ART writes a metrics row every time you call `model.log(...)`. Those rows go to
`history.jsonl` in the run directory and, if W\&B logging is enabled, to W\&B.

Use this page for three things:

* understand the metrics ART emits automatically
* add task-specific metrics from your own rollout code
* track external judge and API spend alongside training metrics

## What ART logs automatically

When you call `await model.train(...)` or `await model.log(train_groups, split="train")`,
ART already logs most of the metrics you need to monitor a run.
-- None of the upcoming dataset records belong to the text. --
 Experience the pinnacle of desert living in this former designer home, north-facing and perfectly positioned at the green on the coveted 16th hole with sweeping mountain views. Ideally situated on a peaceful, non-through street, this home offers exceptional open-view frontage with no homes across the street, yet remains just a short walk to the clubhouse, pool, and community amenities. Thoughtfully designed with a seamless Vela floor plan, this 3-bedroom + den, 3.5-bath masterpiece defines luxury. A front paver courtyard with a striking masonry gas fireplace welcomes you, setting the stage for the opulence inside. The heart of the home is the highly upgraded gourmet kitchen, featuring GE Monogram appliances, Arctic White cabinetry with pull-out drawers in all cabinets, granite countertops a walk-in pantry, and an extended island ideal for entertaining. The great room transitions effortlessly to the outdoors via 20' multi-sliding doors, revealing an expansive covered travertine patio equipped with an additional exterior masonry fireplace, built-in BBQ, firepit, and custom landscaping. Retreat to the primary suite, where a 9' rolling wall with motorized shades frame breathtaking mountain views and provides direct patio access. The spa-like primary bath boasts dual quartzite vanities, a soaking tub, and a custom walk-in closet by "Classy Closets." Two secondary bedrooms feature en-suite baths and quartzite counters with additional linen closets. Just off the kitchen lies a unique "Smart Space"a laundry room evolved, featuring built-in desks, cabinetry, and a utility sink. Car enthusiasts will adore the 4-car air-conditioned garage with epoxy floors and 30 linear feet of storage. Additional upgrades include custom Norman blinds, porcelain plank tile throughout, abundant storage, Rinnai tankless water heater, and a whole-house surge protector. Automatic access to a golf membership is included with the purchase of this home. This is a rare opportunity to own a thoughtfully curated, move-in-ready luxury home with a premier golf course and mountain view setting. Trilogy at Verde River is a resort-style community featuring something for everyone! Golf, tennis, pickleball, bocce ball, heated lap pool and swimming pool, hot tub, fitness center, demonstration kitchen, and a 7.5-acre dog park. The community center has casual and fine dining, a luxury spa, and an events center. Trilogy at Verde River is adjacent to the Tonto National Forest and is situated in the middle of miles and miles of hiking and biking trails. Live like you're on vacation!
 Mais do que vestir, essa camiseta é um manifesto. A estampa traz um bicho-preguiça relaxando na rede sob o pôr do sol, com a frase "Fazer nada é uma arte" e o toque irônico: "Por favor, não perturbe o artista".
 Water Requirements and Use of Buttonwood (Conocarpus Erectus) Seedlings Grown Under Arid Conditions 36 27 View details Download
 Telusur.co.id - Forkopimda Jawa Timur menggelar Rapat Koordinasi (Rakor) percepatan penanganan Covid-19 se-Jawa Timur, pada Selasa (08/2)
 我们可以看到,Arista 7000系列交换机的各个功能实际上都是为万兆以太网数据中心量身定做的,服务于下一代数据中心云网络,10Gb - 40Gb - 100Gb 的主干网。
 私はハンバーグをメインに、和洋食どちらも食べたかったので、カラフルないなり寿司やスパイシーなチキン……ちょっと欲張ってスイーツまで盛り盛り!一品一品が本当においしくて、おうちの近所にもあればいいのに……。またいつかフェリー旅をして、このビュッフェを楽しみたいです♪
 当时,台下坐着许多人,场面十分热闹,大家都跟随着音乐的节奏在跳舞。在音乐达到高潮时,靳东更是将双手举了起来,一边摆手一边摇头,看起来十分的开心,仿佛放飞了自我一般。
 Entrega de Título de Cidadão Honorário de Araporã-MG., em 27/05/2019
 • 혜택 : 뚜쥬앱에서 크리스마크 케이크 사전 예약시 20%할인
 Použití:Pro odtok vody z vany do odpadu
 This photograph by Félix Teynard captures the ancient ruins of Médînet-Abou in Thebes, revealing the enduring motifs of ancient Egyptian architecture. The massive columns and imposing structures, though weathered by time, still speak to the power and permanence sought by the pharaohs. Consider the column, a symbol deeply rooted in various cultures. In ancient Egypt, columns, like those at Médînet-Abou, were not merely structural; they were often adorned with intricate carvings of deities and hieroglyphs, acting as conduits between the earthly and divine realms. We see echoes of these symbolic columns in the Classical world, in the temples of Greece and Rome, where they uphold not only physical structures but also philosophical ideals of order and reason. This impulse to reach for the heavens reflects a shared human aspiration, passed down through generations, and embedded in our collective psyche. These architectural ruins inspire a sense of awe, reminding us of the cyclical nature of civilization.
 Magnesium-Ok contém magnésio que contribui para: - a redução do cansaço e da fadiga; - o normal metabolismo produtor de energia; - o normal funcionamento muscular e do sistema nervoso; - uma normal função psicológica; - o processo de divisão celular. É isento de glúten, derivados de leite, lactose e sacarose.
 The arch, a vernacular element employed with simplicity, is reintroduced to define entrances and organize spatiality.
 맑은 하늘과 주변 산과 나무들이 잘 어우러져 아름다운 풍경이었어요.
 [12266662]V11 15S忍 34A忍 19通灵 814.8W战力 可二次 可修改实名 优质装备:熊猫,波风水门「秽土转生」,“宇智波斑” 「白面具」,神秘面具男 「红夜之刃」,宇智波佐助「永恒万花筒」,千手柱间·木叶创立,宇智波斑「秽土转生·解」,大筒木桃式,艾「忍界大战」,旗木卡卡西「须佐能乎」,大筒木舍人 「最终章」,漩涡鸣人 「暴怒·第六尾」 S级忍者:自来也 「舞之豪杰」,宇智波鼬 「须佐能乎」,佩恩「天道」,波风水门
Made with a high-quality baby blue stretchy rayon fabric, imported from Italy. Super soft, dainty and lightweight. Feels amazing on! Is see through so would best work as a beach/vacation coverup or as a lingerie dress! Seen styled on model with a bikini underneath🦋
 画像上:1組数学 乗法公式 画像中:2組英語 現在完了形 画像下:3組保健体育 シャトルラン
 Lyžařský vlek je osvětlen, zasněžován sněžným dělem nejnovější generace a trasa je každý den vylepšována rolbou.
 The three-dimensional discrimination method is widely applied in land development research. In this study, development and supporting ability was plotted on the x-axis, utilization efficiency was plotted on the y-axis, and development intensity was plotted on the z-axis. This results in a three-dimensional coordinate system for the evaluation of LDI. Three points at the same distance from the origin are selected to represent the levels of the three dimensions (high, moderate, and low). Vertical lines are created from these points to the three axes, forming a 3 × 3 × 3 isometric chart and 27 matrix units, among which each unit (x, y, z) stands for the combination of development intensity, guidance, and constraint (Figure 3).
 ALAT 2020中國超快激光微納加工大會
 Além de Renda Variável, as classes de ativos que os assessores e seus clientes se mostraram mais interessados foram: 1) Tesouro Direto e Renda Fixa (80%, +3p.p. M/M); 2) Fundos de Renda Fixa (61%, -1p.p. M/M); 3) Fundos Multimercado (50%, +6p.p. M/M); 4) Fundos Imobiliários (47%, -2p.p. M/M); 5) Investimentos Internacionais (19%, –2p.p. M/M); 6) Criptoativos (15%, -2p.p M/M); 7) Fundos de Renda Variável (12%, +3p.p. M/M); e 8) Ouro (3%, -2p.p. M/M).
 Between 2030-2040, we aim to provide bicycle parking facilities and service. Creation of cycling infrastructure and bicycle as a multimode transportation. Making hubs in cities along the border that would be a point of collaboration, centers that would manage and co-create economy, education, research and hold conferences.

| Type   | Examples                                                                                                                    |
| ------ | --------------------------------------------------------------------------------------------------------------------------- |
| Reward | `train/reward`, `train/reward_std_dev`, `train/exception_rate`, `val/reward`                                                |
| Loss   | `loss/train`, `loss/entropy`, `loss/kl_div`, `loss/grad_norm`, `loss/learning_rate`                                         |
| Data   | `data/step_num_scenarios`, `data/step_num_trajectories`, `data/step_num_groups_submitted`, `data/step_num_groups_trainable` |
| Time   | `time/wall_clock_sec`, `time/step_wall_s`, `time/step_trainer_s`                                                            |
| Cost   | `costs/gpu` on `LocalBackend` when GPU pricing is known                                                                     |

If ART has the inputs it needs, it also derives:

* cumulative metrics such as `time/cum/trainer_s`, `data/cum/num_unique_scenarios`, and `costs/cum/all`
* cost rollups such as `costs/train`, `costs/eval`, and `costs/all`
* throughput metrics such as `throughput/avg_trainer_tok_per_s` and `throughput/avg_actor_tok_per_s`

<Note>
  Some metrics only appear when the backend or your code provides the underlying
  inputs. For example, `throughput/avg_actor_tok_per_s` requires both
  `data/step_actor_tokens` and `time/step_actor_s`.
</Note>

## Add task-specific outcome metrics

Attach metrics directly to each `Trajectory` when your rollout code knows whether
an attempt succeeded, how many tools it called, or any other task-specific
signal.

```python theme={null}
async def rollout(model: art.Model, scenario: Scenario) -> art.Trajectory:
    trajectory = art.Trajectory(
        messages_and_choices=[
            {"role": "system", "content": SYSTEM_PROMPT},
            {"role": "user", "content": scenario.prompt},
        ],
        metadata={"scenario_id": scenario.id},
    )

    completion = await model.openai_client().chat.completions.create(
        model=model.get_inference_name(),
        messages=trajectory.messages(),
    )
    trajectory.messages_and_choices.append(completion.choices[0])

    trajectory.reward = score_reward(trajectory)
    trajectory.metrics["correct"] = float(is_correct(trajectory))
    trajectory.metrics["tool_calls"] = float(count_tool_calls(trajectory))
    return trajectory
```

On train steps, ART averages those rollout metrics and logs them under the
`train/` namespace, such as `train/correct` and `train/tool_calls`.

If you want to record one value per `TrajectoryGroup` instead of one per
trajectory, pass `metrics={...}` when you build the group. ART logs those once
per group, using keys like `train/group_difficulty` on train steps.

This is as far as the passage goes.